4. Under what specific conditions should a t-distribution be used for hypothesis testing?

A t-distribution is the appropriate choice for hypothesis testing under the following conditions:

  • The population standard deviation (σ) is unknown and you must use the sample standard deviation (s) as an estimate.

  • The sample size (n) is small. While the threshold of n < 30 is a common guideline, the t-distribution is essential for providing accurate results with limited data.

  • The sample data is assumed to be drawn from a population that is approximately normally distributed.

5. What is the role of 'degrees of freedom' in a t-distribution?

In a t-distribution, 'degrees of freedom' (df) refers to the number of independent pieces of information available to estimate another parameter.
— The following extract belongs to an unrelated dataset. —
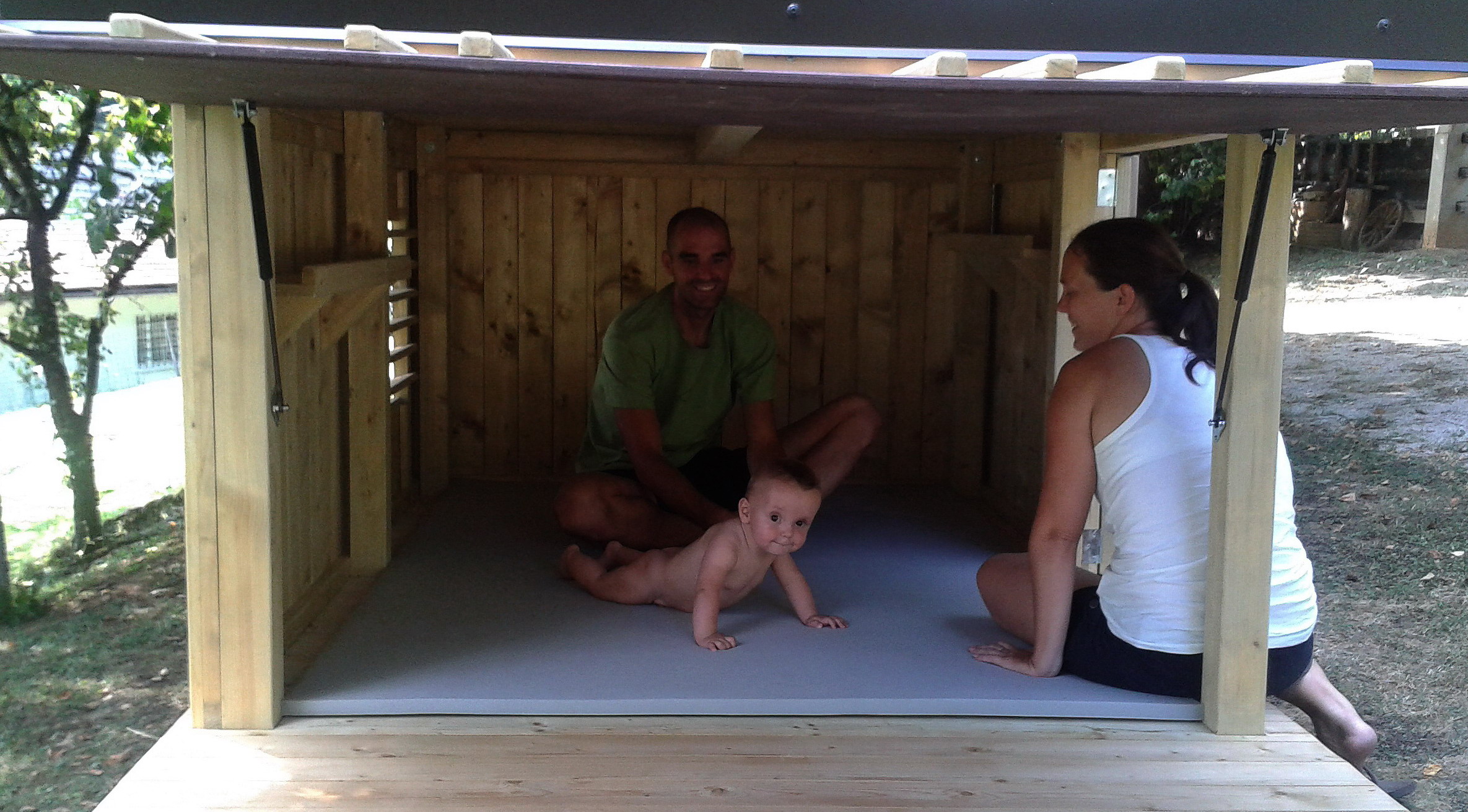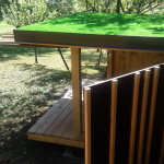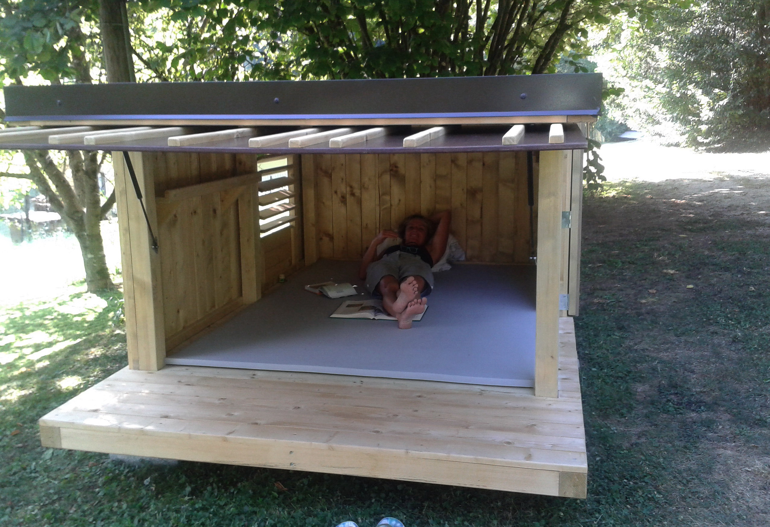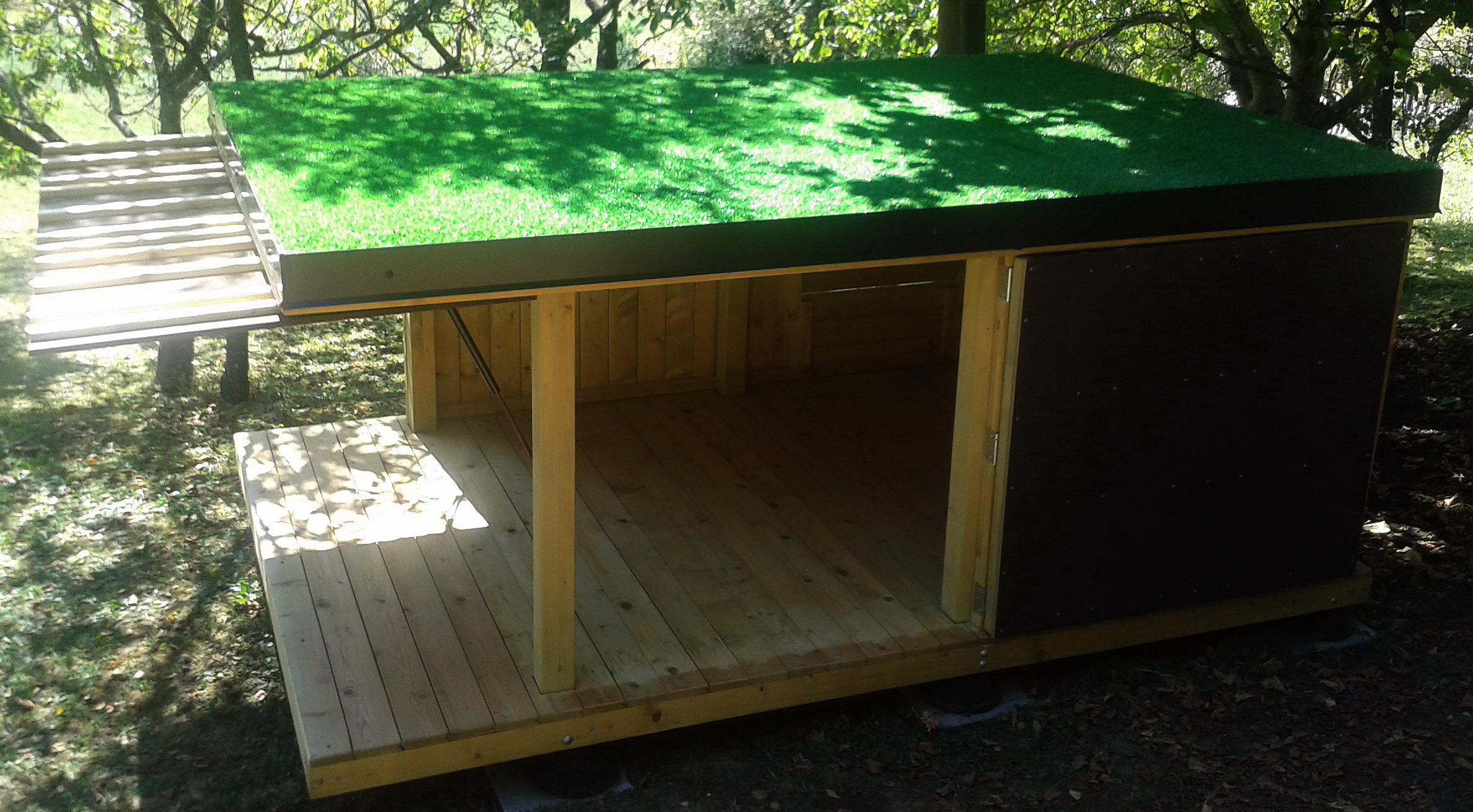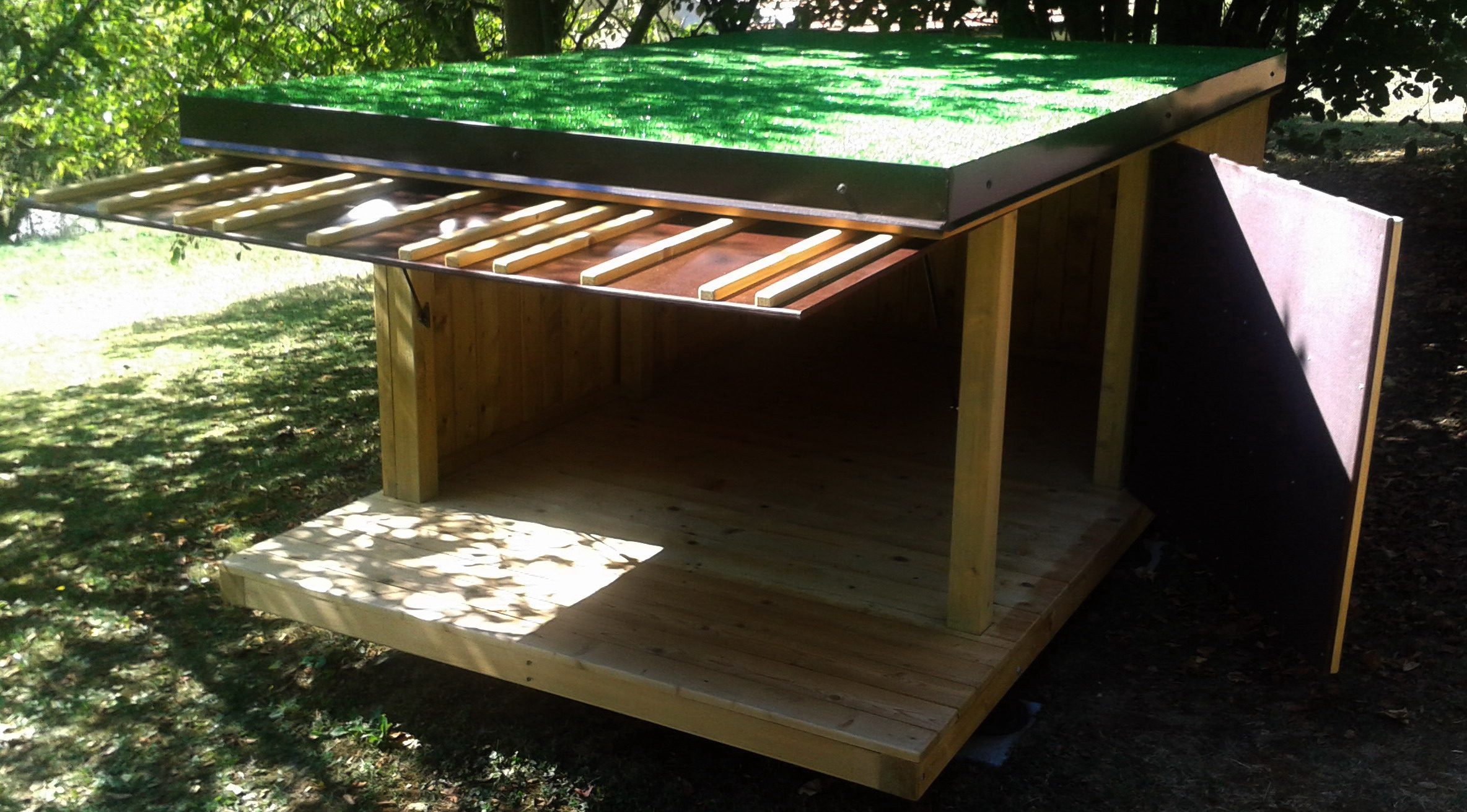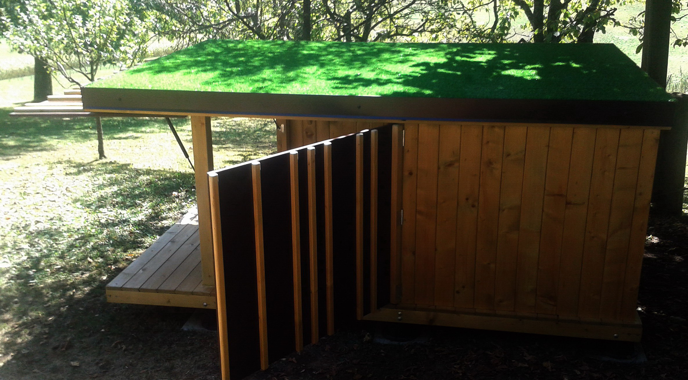 V ta namen smo v podjetju PILLAR d.o.o. zasnovali BIVAK, primeren za učinkovito povečanje dodatnih zmogljivosti v kampih, turističnih kmetijah, toplicah, gorskih in gozdnih kočah ter drugih turističnih zmogljivostih. Izdelan je izredno robustno, konstrukcija je iz masivnega in vzdolžno lepljenega lesa, tla, strop in stene so iz masivnega in površinsko obdelanega naravnega smrekovega lesa. Vse je zaščiteno s premazi za zaščito pred vremenskimi vplivi, delovanjem lesnih gliv in lesnimi insekti. Dvoje vrat, ki se lahko zaklepajo, je namenjenih vhodu in zračenju, prednja dvižna vrata se s plinskimi vzmetmi enostavno odpirajo nad majhno teraso, na kateri je možno sedeti tudi ob dežju. Na drugi strani je majhno polkno za dodatno zračenje. Vse odprtine so zaščitene z mrežo proti komarjem in insektom. Opremljen je z 12V solarnim modulom za notranjo osvetlitev in napajanje manjših elektronskih naprav. Streha ki je kovinska in kleparsko obdelana, je dodatno toplotno izolirana še z umetno travo.

It is calculated as df = n - 1 (where 'n' is the sample size). The degrees of freedom critically define the specific shape of the t-distribution. A distribution with fewer degrees of freedom will be flatter and more spread out, while a distribution with more degrees of freedom will be taller, narrower, and more closely resemble a normal distribution.

6. Why does the t-distribution have heavier tails compared to the normal distribution?

The t-distribution has heavier tails to account for the additional uncertainty that arises from using the sample standard deviation to estimate the unknown population standard deviation. When the sample size is small, this estimate can be less precise. The heavier tails reflect a higher likelihood of observing values far from the mean, providing a more cautious and accurate model for statistical inference when working with limited data.

7. How does a t-distribution's shape change as the sample size increases?

As the sample size (n) increases, the degrees of freedom (df = n - 1) also increase. This causes the shape of the t-distribution to become less spread out. The tails become thinner and the peak becomes taller and more pointed. As the sample size becomes very large, the estimate of the population standard deviation becomes more accurate, and the t-distribution converges to become nearly identical to the standard normal (z) distribution.

8. Can you provide a real-world example where t-distribution is applied?

A common real-world example is in quality control for manufacturing. Imagine a company produces bolts that must have a specific diameter. To check a new batch, they can't measure every single bolt. Instead, they take a small sample, perhaps of 15 bolts. To determine if the average diameter of this sample is within the required specification, they would use a t-test, which is based on the t-distribution. This is because the sample size is small and the true standard deviation of the entire batch is unknown.